DESCRIPTION OF THE TASK: Retype the line in which "Elephant, Tiger &" appears, then every line after it until the records end. Leave out the pictures.

---------- EXTRACTED DATA

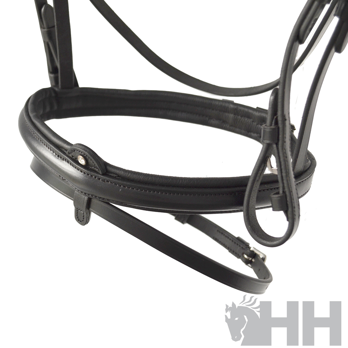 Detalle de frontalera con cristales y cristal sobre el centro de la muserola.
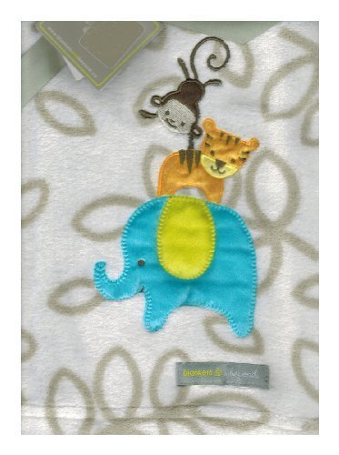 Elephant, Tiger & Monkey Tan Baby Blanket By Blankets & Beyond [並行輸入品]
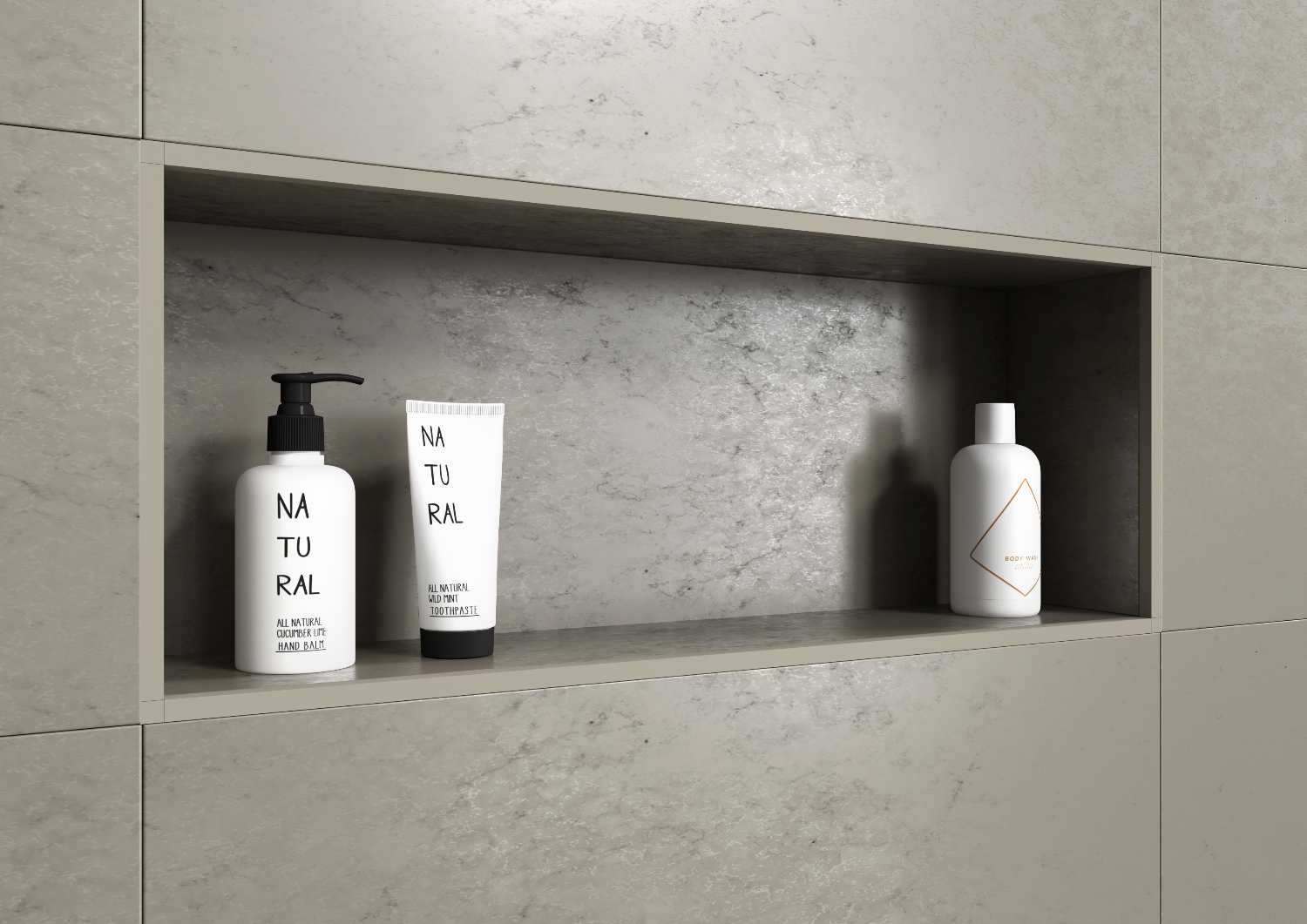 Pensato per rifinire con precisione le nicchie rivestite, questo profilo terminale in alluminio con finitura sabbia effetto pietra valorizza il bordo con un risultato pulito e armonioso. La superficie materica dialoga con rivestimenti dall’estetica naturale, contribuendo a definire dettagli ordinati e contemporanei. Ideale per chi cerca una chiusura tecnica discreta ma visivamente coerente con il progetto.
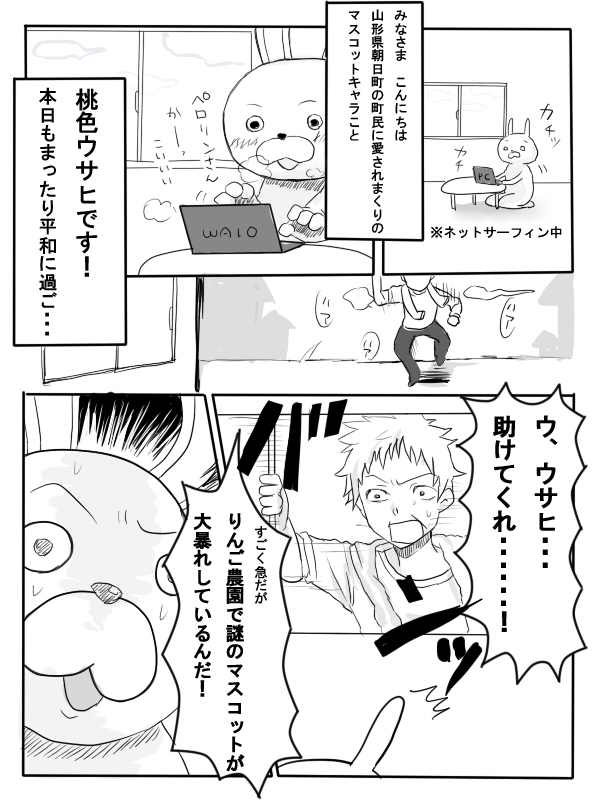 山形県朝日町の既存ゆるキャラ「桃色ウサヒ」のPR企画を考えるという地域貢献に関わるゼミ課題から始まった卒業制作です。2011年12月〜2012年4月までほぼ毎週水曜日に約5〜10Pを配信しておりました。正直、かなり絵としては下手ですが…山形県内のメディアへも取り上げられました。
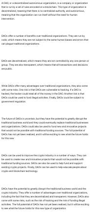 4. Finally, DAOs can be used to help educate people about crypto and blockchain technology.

--------------------

REPLY:
 Elephant, Tiger & Monkey Tan Baby Blanket By Blankets & Beyond [並行輸入品]
 Pensato per rifinire con precisione le nicchie rivestite, questo profilo terminale in alluminio con finitura sabbia effetto pietra valorizza il bordo con un risultato pulito e armonioso. La superficie materica dialoga con rivestimenti dall’estetica naturale, contribuendo a definire dettagli ordinati e contemporanei. Ideale per chi cerca una chiusura tecnica discreta ma visivamente coerente con il progetto.
 山形県朝日町の既存ゆるキャラ「桃色ウサヒ」のPR企画を考えるという地域貢献に関わるゼミ課題から始まった卒業制作です。2011年12月〜2012年4月までほぼ毎週水曜日に約5〜10Pを配信しておりました。正直、かなり絵としては下手ですが…山形県内のメディアへも取り上げられました。
 4. Finally, DAOs can be used to help educate people about crypto and blockchain technology.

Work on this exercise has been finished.